People drawn to orthodox Brennerite class-based leftism are inclined to protest – too much, in my opinion – about small-scale private property rights, petty commerce, personal economic autonomy and so on, because they regard it as prelude to or generative of capitalism. But this is only likely to be true in situations where these features are being actively coopted by growing, centralized states forging a capitalist world order. The situation we now face is more likely one of state decline, contraction and disintegration – and in those circumstances I would, on the contrary, actively champion opportunities for widespread, accessible, secure, small-scale rural property tenure and petty marketing as critical for the possibilities of a decent life.

There are, alternatively, state-centred thinkers who take a rosy view of the capitalist state’s corporatism and technological prowess, and this usually terminates on both the political left and right in a techno-fixing rearguard commitment to the large-scale corporatist status quo in the face of present challenges – which is why to my eyes the arguments of people like Matt Ridley, Steven Pinker, Mike Shellenberger, Leigh Phillips, Mark Lynas or Nick Srnicek end up looking pretty similar, despite their different self-proclaimed positionings on a left-right axis.

Then there are people who view capitalist development as a largely malign manifestation of centralized state aggrandizement, and seek more convivial and organically local forms of socioeconomic action – a camp in which I find myself. Touchstone concepts for this way of thinking include individual and local self-reliance, autonomy, liberty, rural/small town revival, petty commerce and (primarily) local mutuality. The right-wing or conservative resonances of these concepts are perhaps obvious, but so too should be the left-wing ones – particularly once we abandon the misguided notion that selling wares at local markets or having decision-making autonomy over farm property are somehow intrinsically capitalist, or that notions of “community, magic, craftsmanship, and enchantment” as discussed by Ernie in this interesting comment are intrinsically conservative or ‘reactionary’. I hope to come back to this in a future post.

Nevertheless, I continue to identify with the political left and so there are aspects of this local autonomism that I consider potentially problematic and in need of checking – namely, accumulated economic privileges between households, families and, ultimately, classes, and other differentials of social power between different kinds of people, perhaps especially between men and women, and between ‘local’ and ‘non-local’ groupings. So, within the limitations of a short and non-technical book, I go to some lengths in A Small Farm Future to address how these problematic tendencies may conceivably be checked within semi-autonomous local societies of the future in the context of contracting centralized states.

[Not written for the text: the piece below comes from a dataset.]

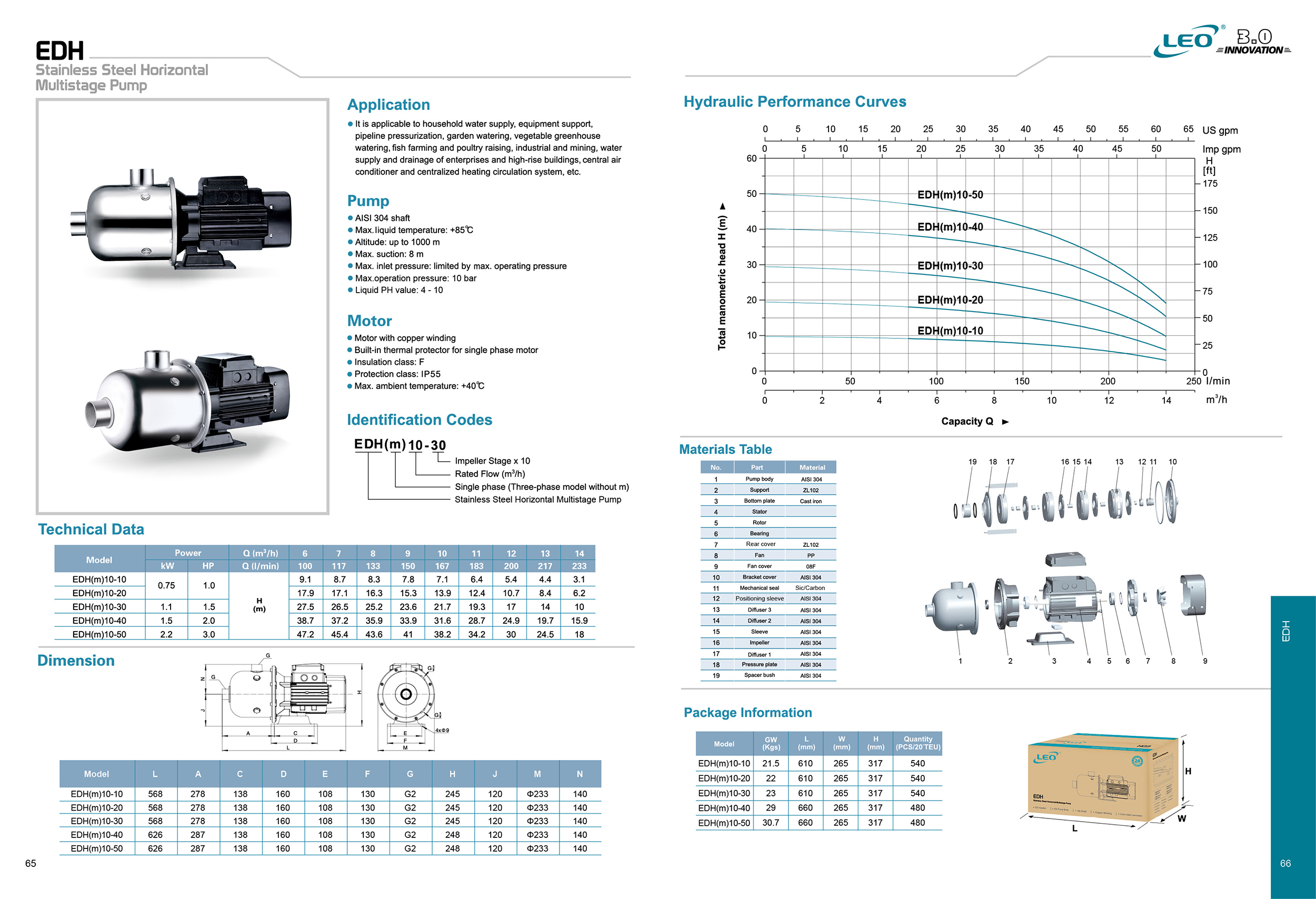 پمپ های edh لیو از نوع پمپ های سانتریفیوژ افقی طبقاتی می باشند، که در آنها از چند پروانه برای پمپاژ سیال استفاده شده است و تعداد  این پروانه ها از 2 الی 6 عدد بسته به مدل متغیر می باشد، به دلیل استفاده از چند پروانه در این پمپ ها امکان دستیابی به فشار خروجی بیشتر نسبت به پمپ های تک پروانه با توان مشابه وجود دارد.

An important part of this that I broach in Crisis #9 and discuss elsewhere in the book is the need to avoid the inequalities associated with extractive landlordism, to which secure and widespread rights to private property in farmland offer one solution.

In this respect, I share a Brennerite concern about extractive landlordism, which I think is a bad thing – but I don’t think it’s a thing that’s inherently generative of capitalism. So while any just, post-capitalist local politics must address local class formation and conflicts around things like landlordism, the connections between local producers and the larger state are ultimately more to the point in how those class conflicts play out, as analyzed in Part IV of my book5. As per recent discussions on this site, I’d suggest that recourse to an analytical language of class derived from older state/producer formations that have now largely passed into history (‘the peasantry’, ‘the proletariat’, ‘the (petty) bourgeoisie’ etc.) lack coherence unless they’re plausibly linked to the new and unprecedented terrain of state/producer relations that’s emerging in the contemporary world: capital decline, state decay and retrenchment, mass migration, pervasive ecological disruption and so forth. My book presses the view that ‘the peasantry’ may be one of the few such categories to retain some relevance in this emerging world.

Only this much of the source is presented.